> Your objective: Please take the lines from the one holding "嗯?不是数字越低优先级越高吗,结果怎么还是 1 ->" through the one holding "Papiertassen mit einem" in the data below and copy them exactly.

> Task input:
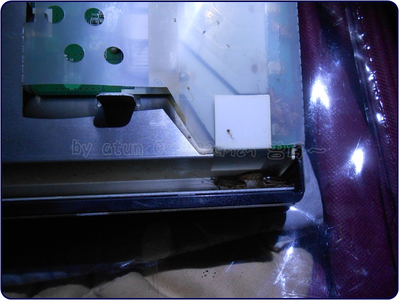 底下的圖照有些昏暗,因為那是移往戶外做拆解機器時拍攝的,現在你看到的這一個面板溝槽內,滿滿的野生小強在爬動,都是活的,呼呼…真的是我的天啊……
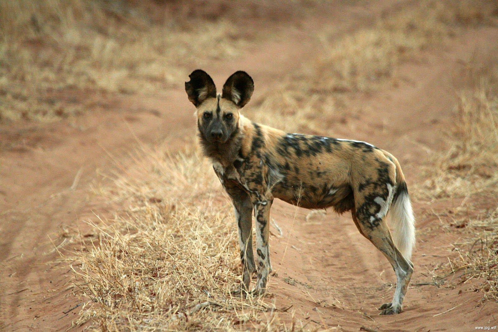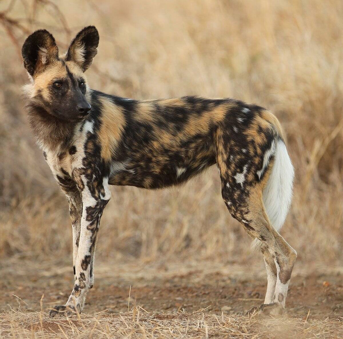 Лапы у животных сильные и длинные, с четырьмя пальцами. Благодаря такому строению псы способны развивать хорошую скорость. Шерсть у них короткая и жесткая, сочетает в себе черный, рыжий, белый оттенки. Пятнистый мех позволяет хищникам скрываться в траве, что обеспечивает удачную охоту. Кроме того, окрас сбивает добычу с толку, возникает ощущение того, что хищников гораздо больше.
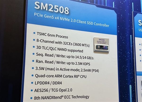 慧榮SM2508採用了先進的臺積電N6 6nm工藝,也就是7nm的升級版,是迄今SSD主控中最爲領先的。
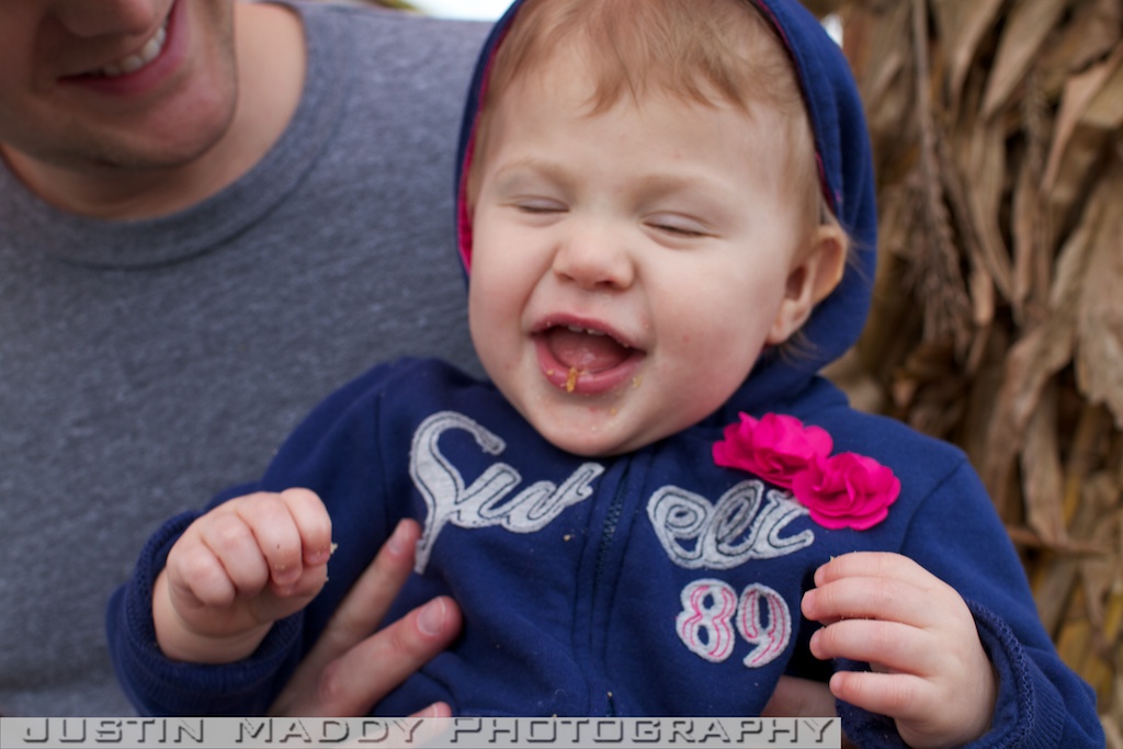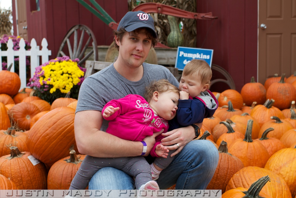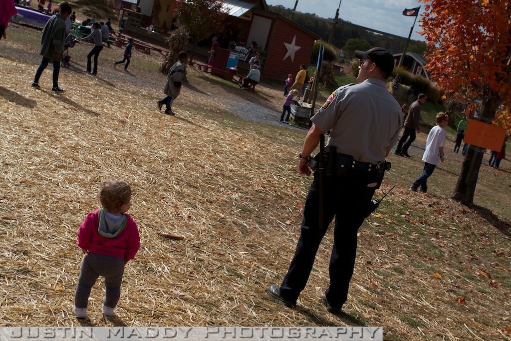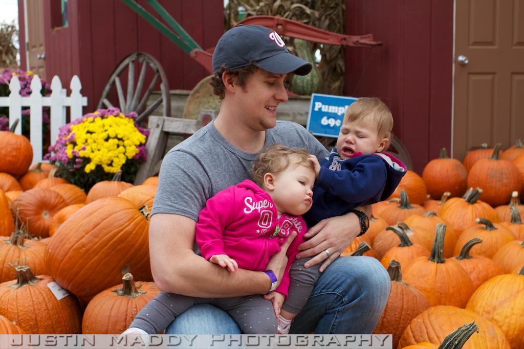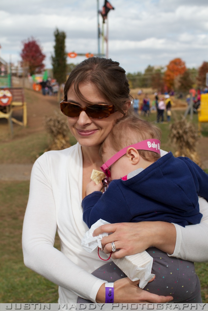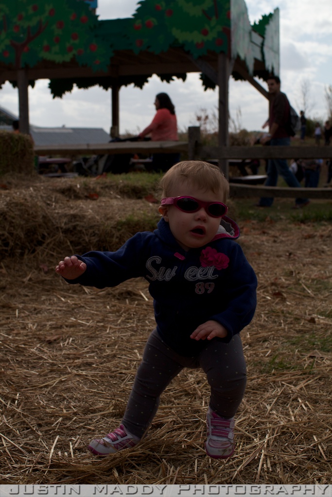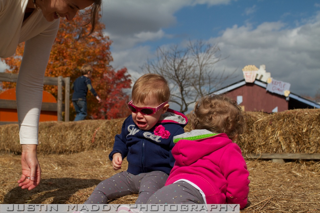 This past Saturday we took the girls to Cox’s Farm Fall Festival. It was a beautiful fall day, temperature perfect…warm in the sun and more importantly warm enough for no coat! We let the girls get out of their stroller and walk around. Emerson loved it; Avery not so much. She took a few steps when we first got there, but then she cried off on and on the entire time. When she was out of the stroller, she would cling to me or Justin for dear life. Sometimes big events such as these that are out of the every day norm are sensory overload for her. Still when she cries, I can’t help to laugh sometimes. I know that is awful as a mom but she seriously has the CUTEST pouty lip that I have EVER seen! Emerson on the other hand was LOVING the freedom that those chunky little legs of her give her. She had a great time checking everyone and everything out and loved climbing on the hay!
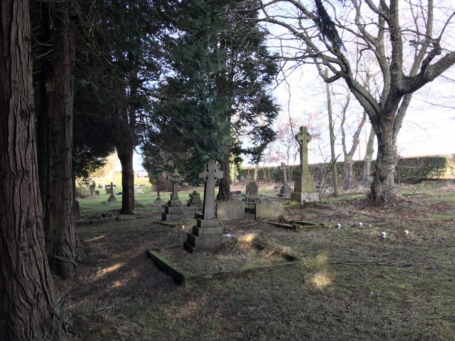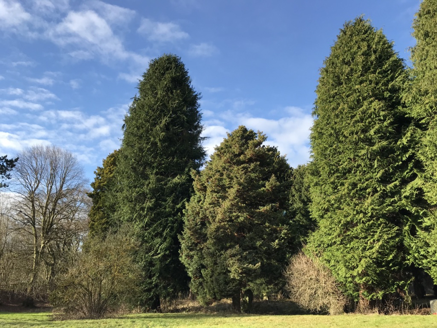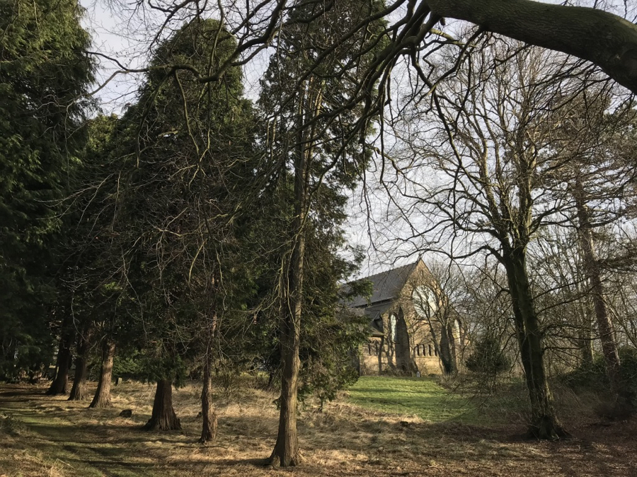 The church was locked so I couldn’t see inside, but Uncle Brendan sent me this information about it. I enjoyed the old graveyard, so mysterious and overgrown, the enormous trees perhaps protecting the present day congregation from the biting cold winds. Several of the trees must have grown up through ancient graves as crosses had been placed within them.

---

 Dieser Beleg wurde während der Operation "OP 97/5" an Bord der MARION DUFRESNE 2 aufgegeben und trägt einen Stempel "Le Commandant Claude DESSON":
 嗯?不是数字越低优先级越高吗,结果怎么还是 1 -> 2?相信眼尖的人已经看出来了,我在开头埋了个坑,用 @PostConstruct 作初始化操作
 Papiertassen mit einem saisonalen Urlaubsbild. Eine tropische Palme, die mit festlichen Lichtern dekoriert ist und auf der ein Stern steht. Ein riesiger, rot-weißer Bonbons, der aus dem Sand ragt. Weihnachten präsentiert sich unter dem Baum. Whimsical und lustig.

> Response area:
 嗯?不是数字越低优先级越高吗,结果怎么还是 1 -> 2?相信眼尖的人已经看出来了,我在开头埋了个坑,用 @PostConstruct 作初始化操作
 Papiertassen mit einem saisonalen Urlaubsbild. Eine tropische Palme, die mit festlichen Lichtern dekoriert ist und auf der ein Stern steht. Ein riesiger, rot-weißer Bonbons, der aus dem Sand ragt. Weihnachten präsentiert sich unter dem Baum. Whimsical und lustig.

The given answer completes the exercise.